Segment Start: Supplied data
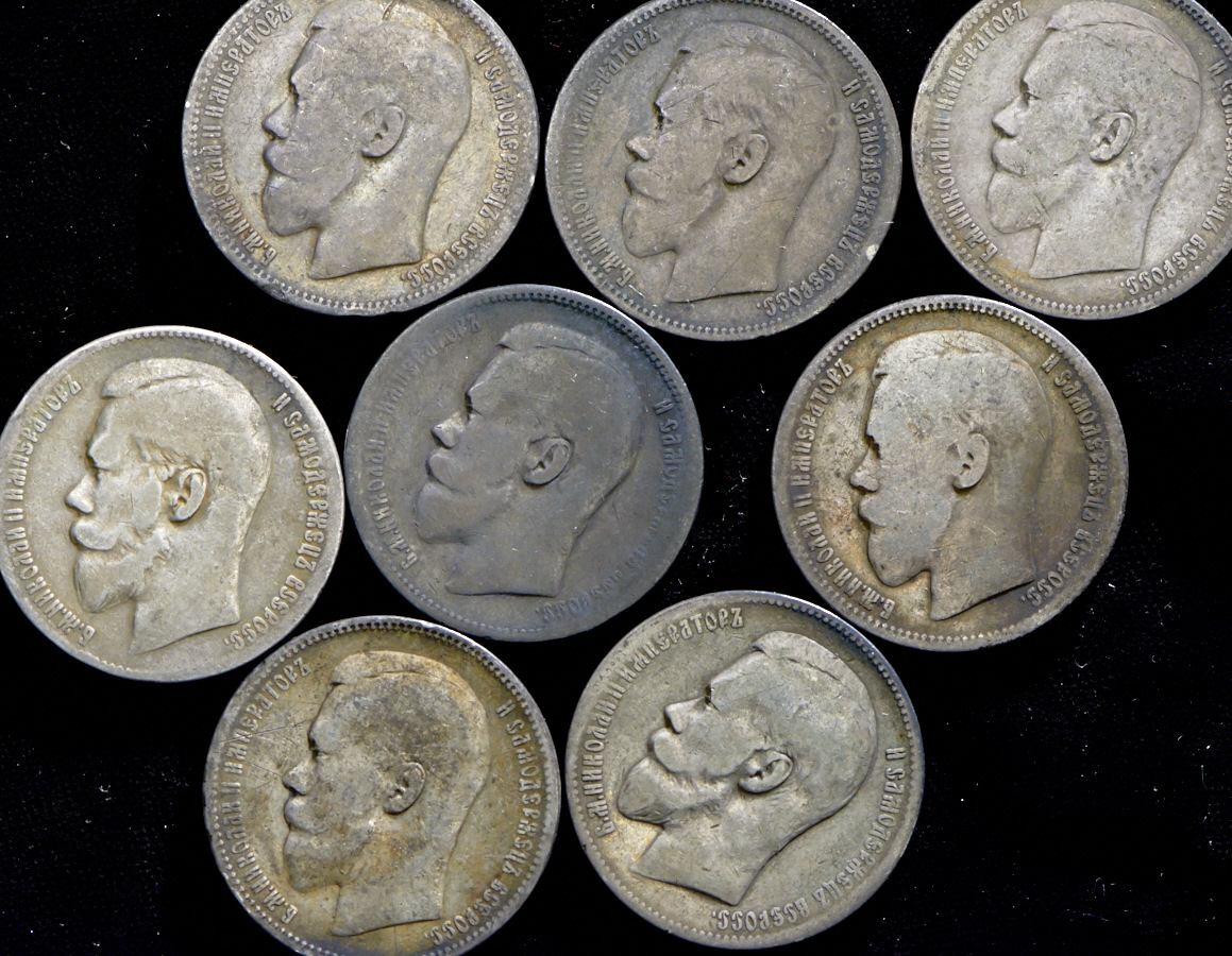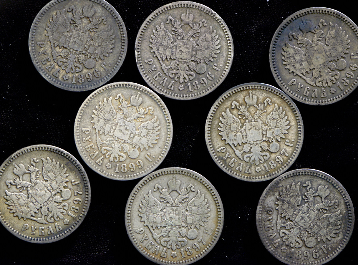 Набор из 8-ми сер. монет Рубль (Николай II)
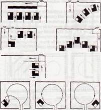 etalarea pe orizontala a produselor grele sau cu volum mare, linia orizontala întrerupându-se prin pauze de decor pentru a evita monotonia;
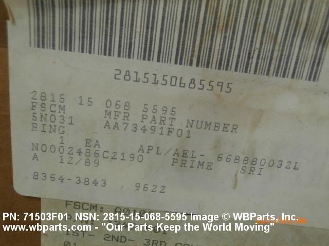 Part Alternates: 71503, 71503F01, 2815-15-068-5595, 15-068-5595, 2815150685595, 150685595
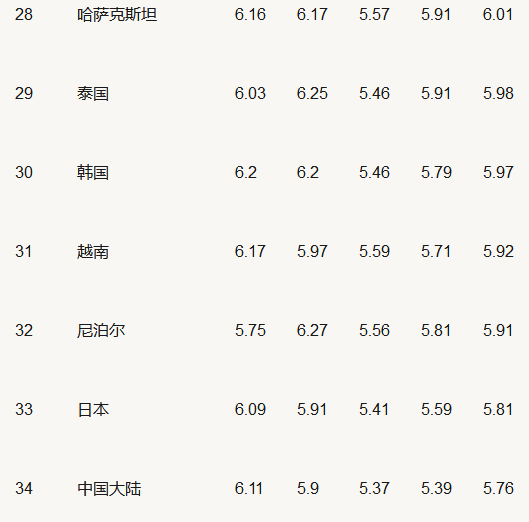 2017年全球雅思A類(lèi)考試平均成績(jì)Top40排名中,中國大陸地區以總成績(jì)平均分5.76分位居34名,日本、韓國、泰國和越南雅思總成績(jì)平均分均比中國大陸總成績(jì)平均分排名靠前。
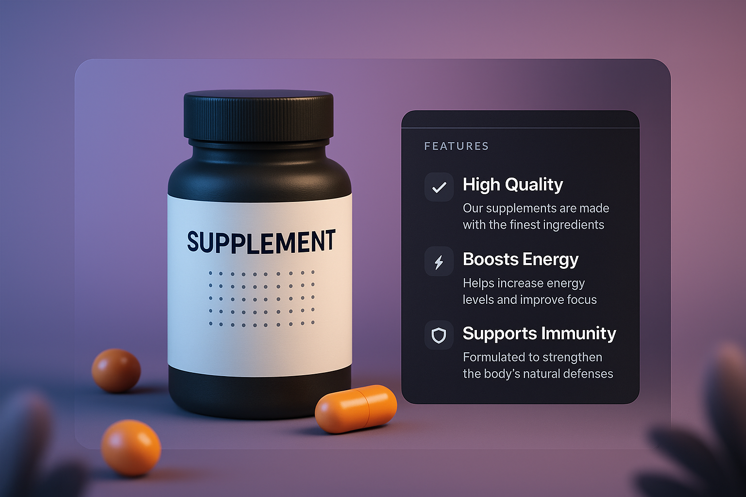 /Collection: /by davooda/Type: PNG/A visually appealing 3D illustration showcasing a supplement bottle with features highlighted in a dark label. The background features a smooth gradient, adding depth to the composition.
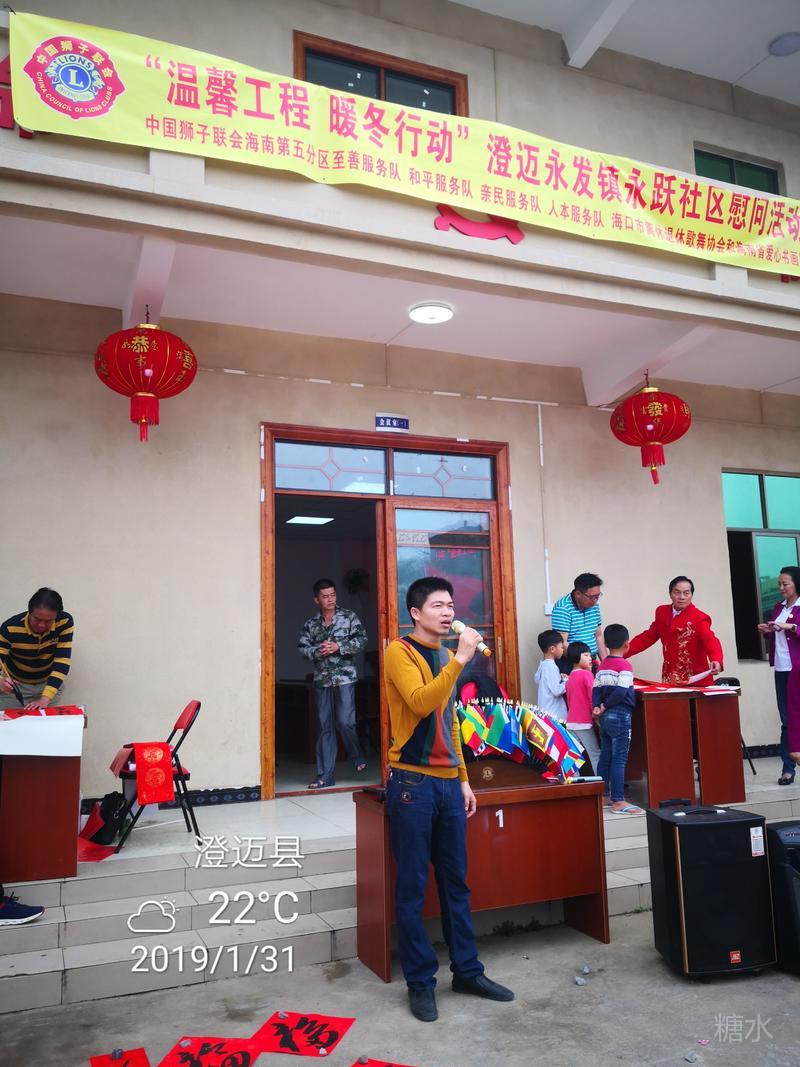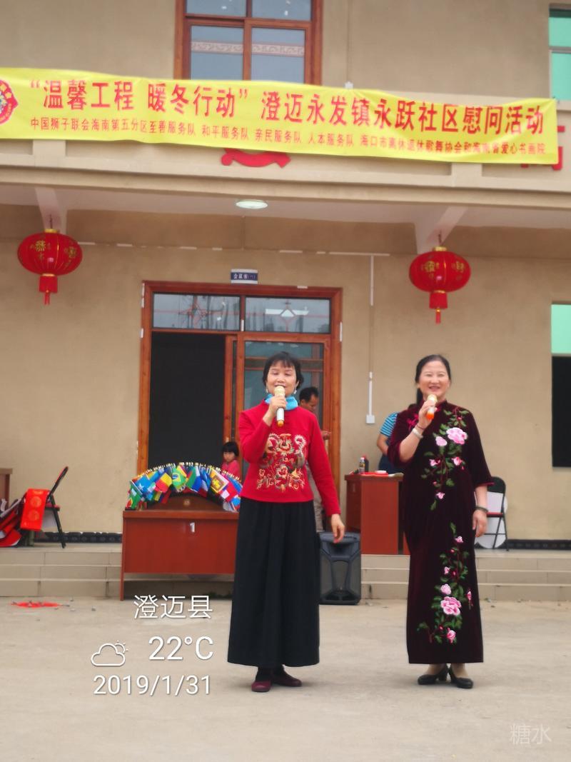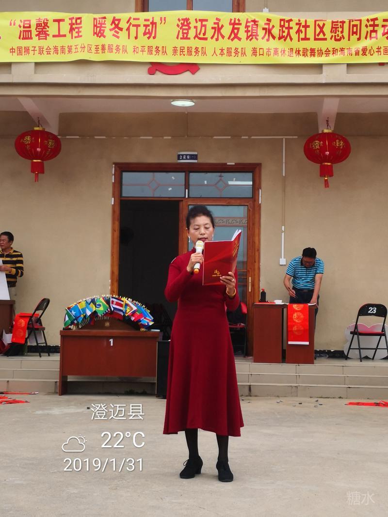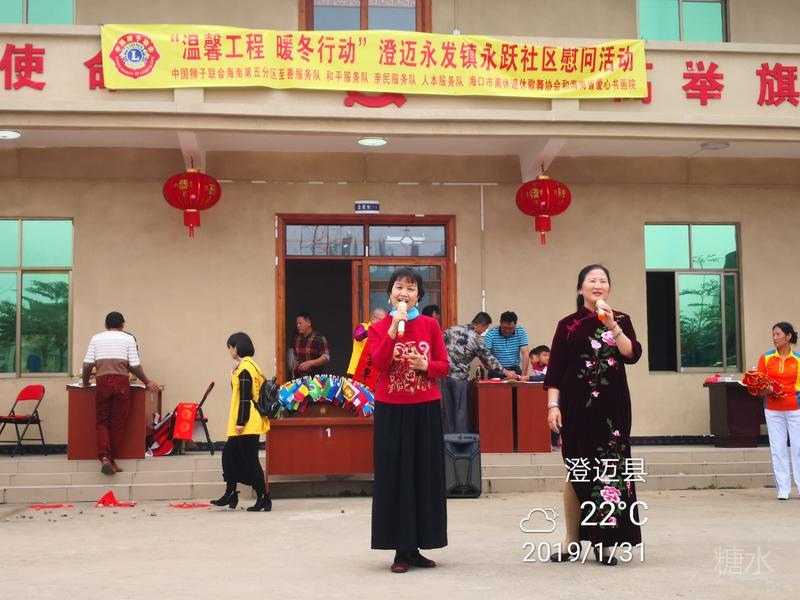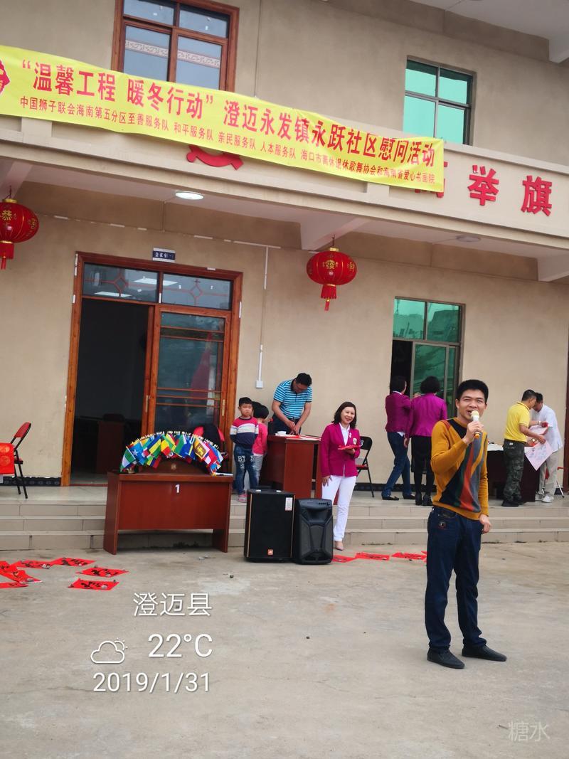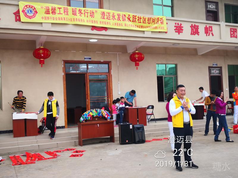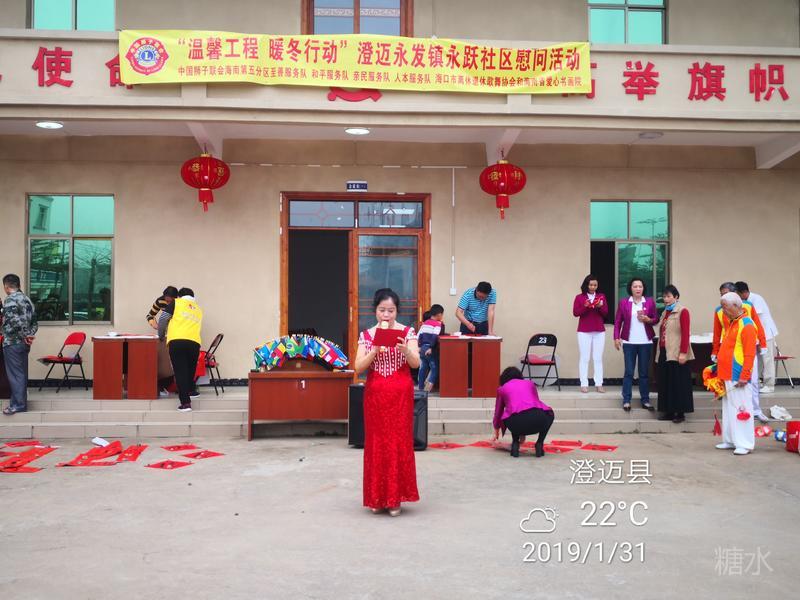 【通知】"温馨工程•暖冬行动"慰问永发镇永跃社区孤寡老人特困家庭活动1月31日周四上午进行,由中国狮子联会海南第五分区至善队、和平队、亲民队、人本队四个服务队共同主办,海口市离休退休歌舞协会、海南省爱心书画院、中狮联海南明德队和慈福队协办,活动内容包括文艺表演、书写春联、中医义诊、赠送慰问礼品等。
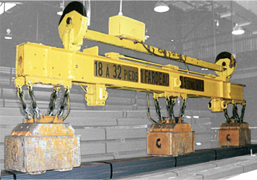 GAUSS MAGNETI projektuje i wytwarza specjalne elektromagnesy o głębokim polu magnetycznym do przemieszczania wiązek i pakietów żelaznych i stalowych o długości od 6 do 24 metrów.
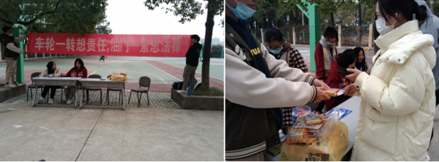 本次活动秉持安全文明出行理念,设置了趣味问答和慧眼发现两大板块,旨在考查学生对有关安全知识的了解程度和提高对现实生活中电动车不当使用的发现意识,同学们都积极踊跃地参与。在慧眼发现板块,工作人员向同学们展示有违规骑行电动车的图片,让同学们发现图片中电动车不正当使用的问题,进一步加深同学们的安全意识。在趣味问答板块,工作人员通过趣味知识问答的形式,对学生们进行对有关电动车安全知识的考查,让他们在轻松愉快的活动氛围中,清晰了解身边电动车安全隐患。此外,我们的工作人员还分发电动车安全知识传单,普及电动车安全常识和学校电动车相关政策,同学们对电动车安全有了更深刻的认识。对于积极参与本次活动的同学,我们给予了零食奖励,以此激励其往后生活中能够规避电动车安全事故,并对周围人进行宣传教育,降低电动车使用安全隐患。
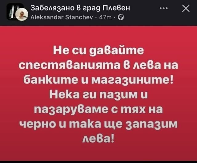 За това писах одеве, да. Със същия успех могат да си запазят по една банкнота и монета от всеки номинал и да ги "спасят", ама неее, черна борса с левове, утре може би в натура на разменни начала.
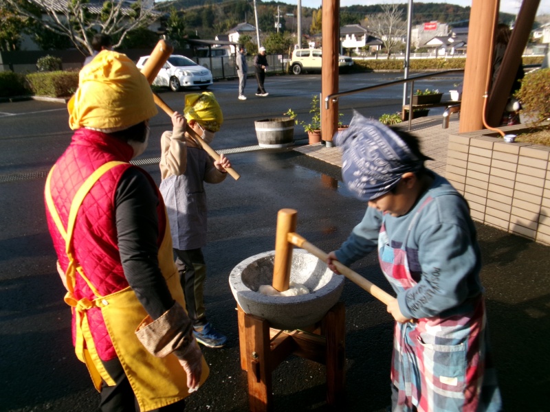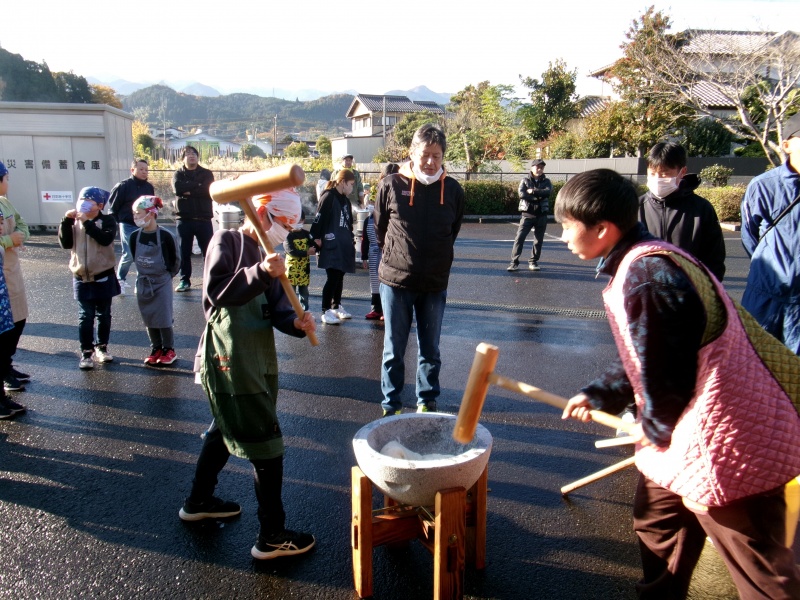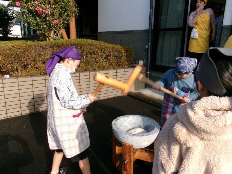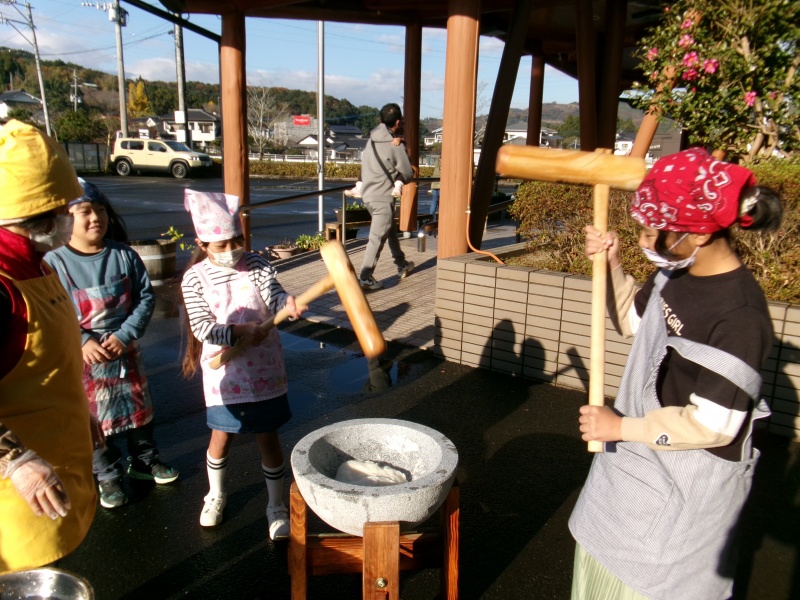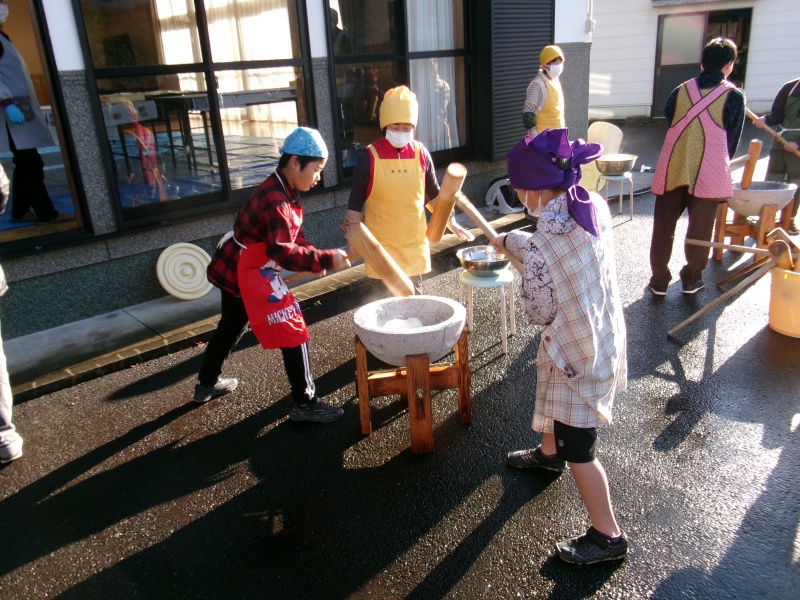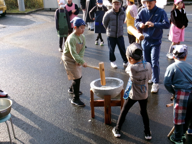 大きな掛け声で餅をついたり、丸めたりと元気な姿が見られました。
Segment End: Supplied data
• Your instructions:
Pictures aside, set down the lines from the one containing "本次活动秉持安全文明出行理念" through the end of the records above, exactly and only those.

• Task solution:
 本次活动秉持安全文明出行理念,设置了趣味问答和慧眼发现两大板块,旨在考查学生对有关安全知识的了解程度和提高对现实生活中电动车不当使用的发现意识,同学们都积极踊跃地参与。在慧眼发现板块,工作人员向同学们展示有违规骑行电动车的图片,让同学们发现图片中电动车不正当使用的问题,进一步加深同学们的安全意识。在趣味问答板块,工作人员通过趣味知识问答的形式,对学生们进行对有关电动车安全知识的考查,让他们在轻松愉快的活动氛围中,清晰了解身边电动车安全隐患。此外,我们的工作人员还分发电动车安全知识传单,普及电动车安全常识和学校电动车相关政策,同学们对电动车安全有了更深刻的认识。对于积极参与本次活动的同学,我们给予了零食奖励,以此激励其往后生活中能够规避电动车安全事故,并对周围人进行宣传教育,降低电动车使用安全隐患。
 За това писах одеве, да. Със същия успех могат да си запазят по една банкнота и монета от всеки номинал и да ги "спасят", ама неее, черна борса с левове, утре може би в натура на разменни начала.
 大きな掛け声で餅をついたり、丸めたりと元気な姿が見られました。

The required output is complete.